Letting go of expectations

My dear friend Ruth at a messy life wrote last week about being unhappy. She had recently come to a place where she realized, as we SG-1 fans might put it, that she is never going to be Colonel Samantha Carter. I think we all reach a point (perhaps several times) in life when acceptance dawns us, willing or no, that this may be as good as it gets, and we have to let go of some of the dreams we had for a time. Fortunately, God generally has better things planned for us than we did. As Ruth discovered in a moment of epiphany, she is the most important person in the world to her beautiful children -- in her family's eyes, Colonel Carter could never come close to filling her shoes! 

In considering Ruth's words and reflecting on my own periods of unhappiness, I've come to believe that a large portion of the unhappiness we run into in life is due to expectations we embrace that we perhaps shouldn't have. I can spend so much time trying to figure out what life is about or what I'm "supposed" to be doing (scientist, stay-at-homemaker, editor, writer, entrepeneur???) that I lose sight of the fact that God loves me just because I am His daughter. There's nothing I can do to make Him love me more or less. As Dave Ramsey put it on his radio show the other day (when questioned by a new Christian about tithing), God lays out what we should do to have a good life, but even if we completely mess up He still loves us just as much as his other children -- we're just one of the "dumb" ones!
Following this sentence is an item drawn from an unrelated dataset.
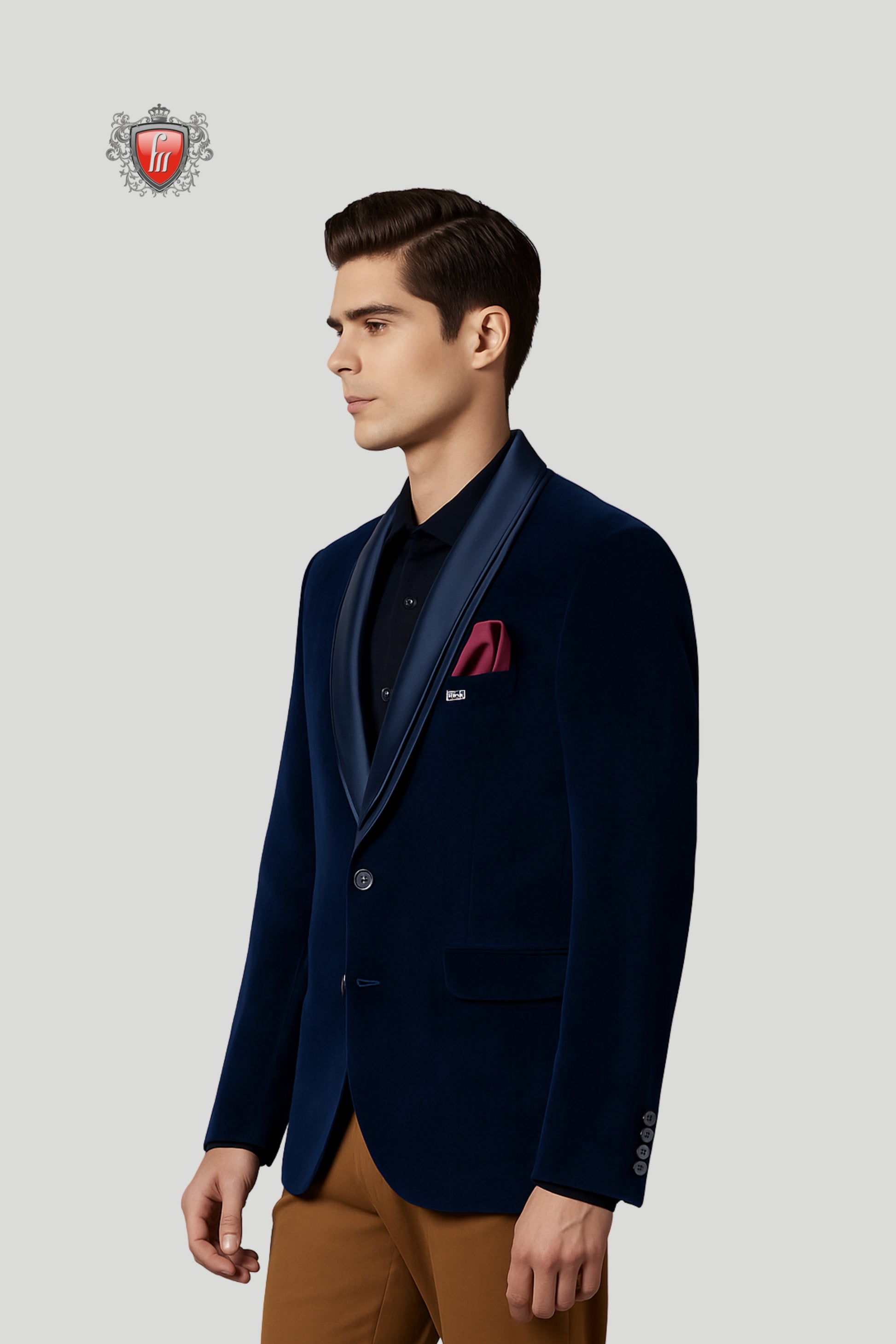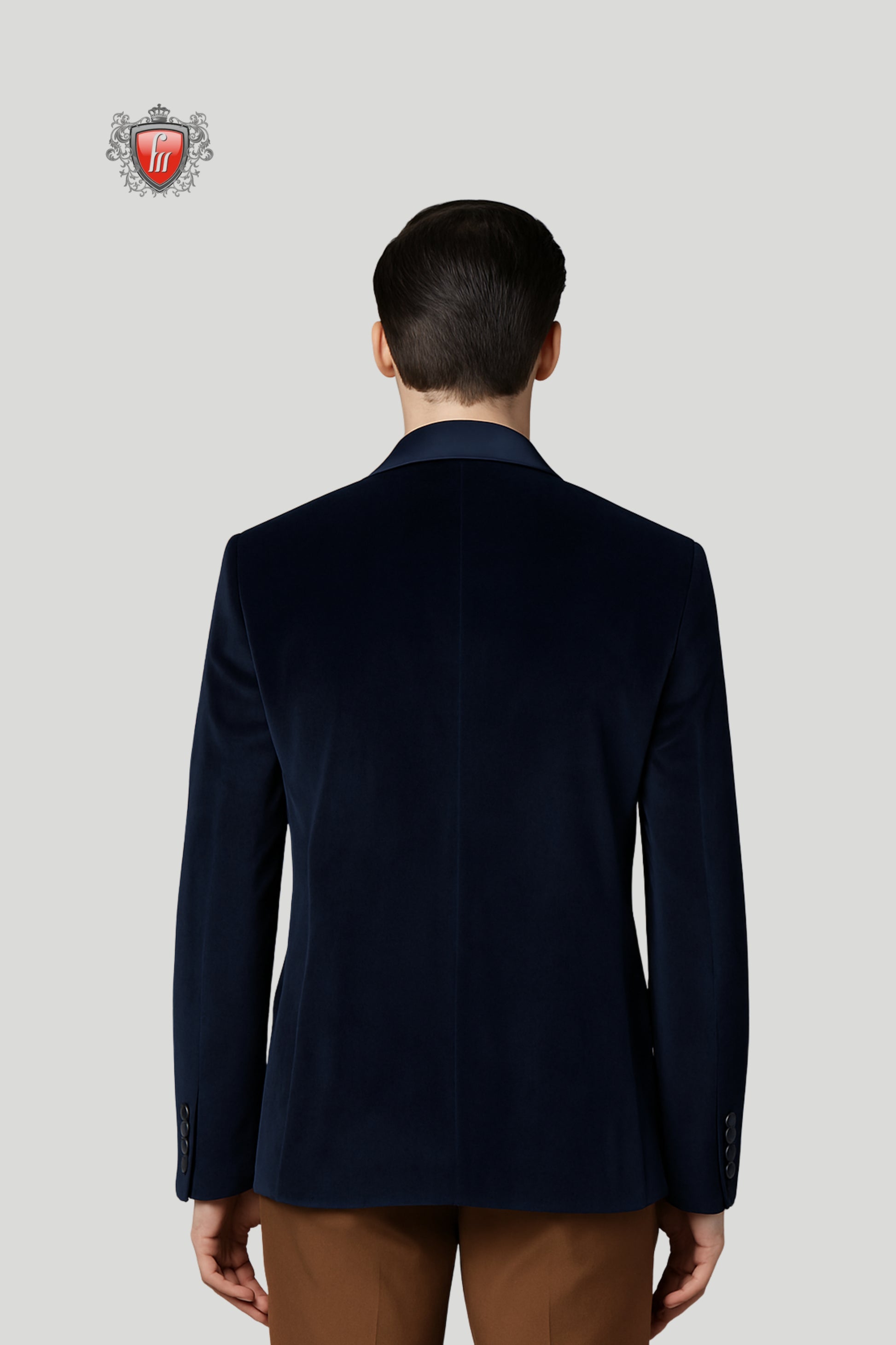 Men’s Navy Blue Velvet Blazer – Luxurious Eveningwear with Satin Lapels
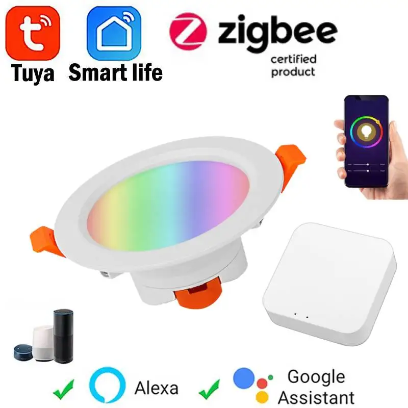 Умный потолочный светильник Tuya Zigbee, светодиодная лампа с голосовым управлением и управлением через приложение, 7 Вт, RGBCW, работает с Alexa Google Home

I like that. It's liberating. 

There's a blog I recently discovered that has some wonderful homemaking advice. Skimming through the topics that interested me, I ran across one of many posts encouraging wives to stay at home. Well, that's putting it mildly and politely. You can read the full post here, but all I could think of after reading it was, "Oh my! God's going to pop down here for a surprise visit and discover that my secondary bathroom is sorely neglected and my bedroom is a disaster! How disappointed He'll be that I wasn't a better caretaker of my home!" You know what? We (humans, women, mothers, Christians) need to stop being so hard on each other, and especially stop being so hard on ourselves, as if life is some great big test. 

Oswald Chambers had something to say along these lines in Tuesday's "My Utmost for His Highest":
The impregnable safety of justification and sanctification is God Himself. We have not to work out these things ourselves; they have been worked out by the Atonement. The supernatural becomes natural by the miracle of God; there is a realization of what Jesus Christ has already done -- "It is finished."
Just rest in your Daddy's arms and enjoy the beauty He's given us (trusting He will take care of us through the ugly).